Friday, April 22, 2016

[Paleontology • 2016] First Sauropod Bones from Italy Offer New Insights on The Radiation of Titanosauria between Africa and Europe


Titanosauria gen. et sp. indet.
Possible reconstruction of the Italian sauropod 

Highligths
• Referable to Titanosauria gen. et sp. indet., earliest record in southern Europe.
• An Aptian–Albian basal titanosaurian with bizarre orientation of the zygapophyseal facets.
• Further evidence of Early Cretaceous sporadic connection between Africa and Europe.

Abstract
Here we describe the first sauropod skeletal remains from the Italian peninsula that also represent the earliest record of titanosaurs in Southern Europe. Scattered bones, including an almost complete anterior caudal vertebra, were found in Cretaceous (Aptian–Albian) marine deposits, some 50 km East of Rome. The vertebra shows a bizarre and perhaps unique orientation of the zygapophyseal articular facets that renders their interpretation problematic. Phylogenetic retrofitting tests support the placement of the Italian titanosaur among basal lithostrotians. Palaeobiogeographic analysis based on the resulting phyletic relationships suggests an Afro-Eurasian route for the ancestors of the Italian titanosaur, a scenario compatible with the palaeogeographic evolution of the Italian microplates during the Cretaceous. Together with previously recorded titanosaurian-like ichnites from a Cenomanian locality in Latium, this new find suggests a quite long emersion for the Apenninic carbonate platform. We suggest that the Italian titanosaur was member of a population that crossed the western Tethys Sea through a “filtering bridge” composed of a chain of ephemeral islands and peninsulae, known as Periadriatic (Adria) carbonate platforms, that connected sporadically Africa and Europe since the Early Cretaceous.

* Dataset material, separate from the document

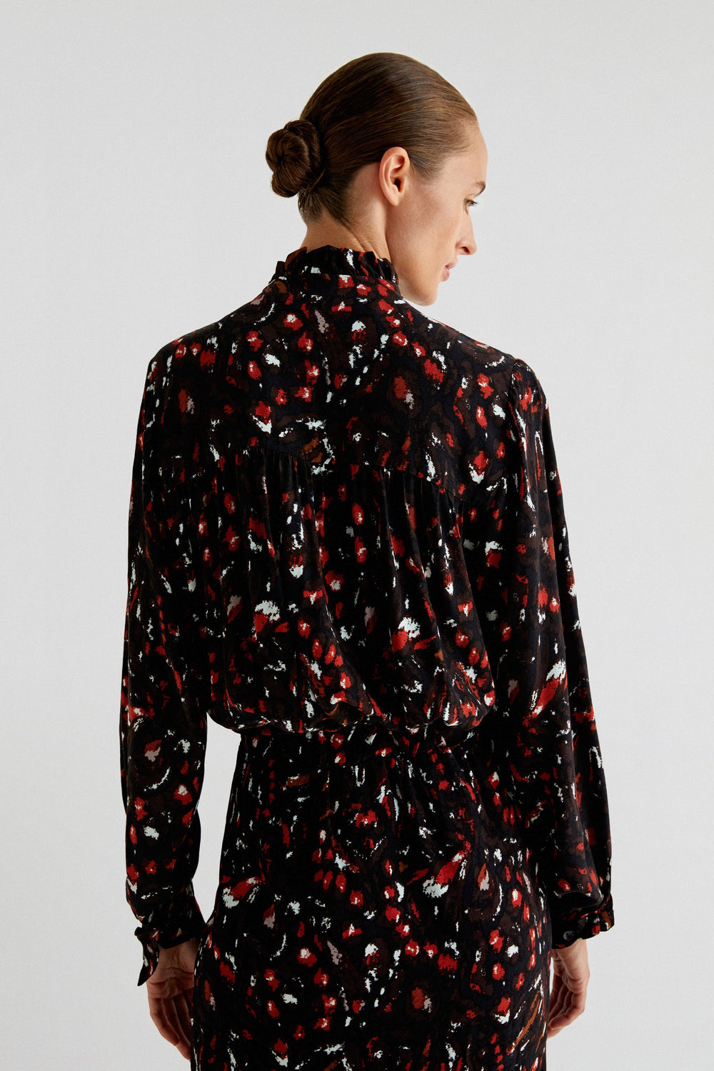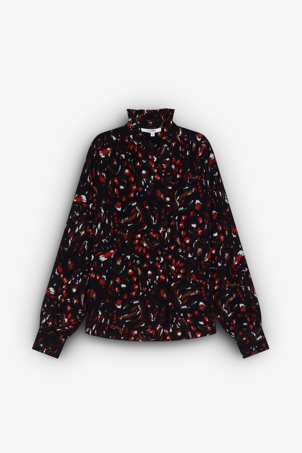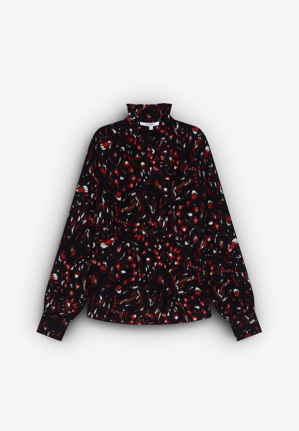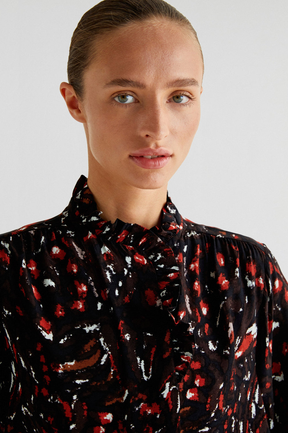 Printed blouse made of flowing fabric. Regular fit, high ruffled collar and button fastening. Long sleeves with cuffs.

Keywords: Sauropoda; Titanosauria; Early Cretaceous; Aptian–Albian; Italy; Palaeobiogeography




Systematic palaeontology

Dinosauria Owen, 1842
Saurischia Seeley, 1887
Sauropoda Marsh, 1878

Titanosauriformes Salgado, Coria and Calvo, 1997
Titanosauria Bonaparte and Coria, 1993

Titanosauria gen. et sp. indet.

Material: Three disarticulated bones, deposited at the Museo di Storia Naturale di Milano (MSNM), Milan, Italy: one anterior caudal vertebra (MSNM V7157), one portion of scapular blade or of ischial/pubic shaft (MSNM V7158), and another -possibly pelvic- bone fragment (MSNM V7159).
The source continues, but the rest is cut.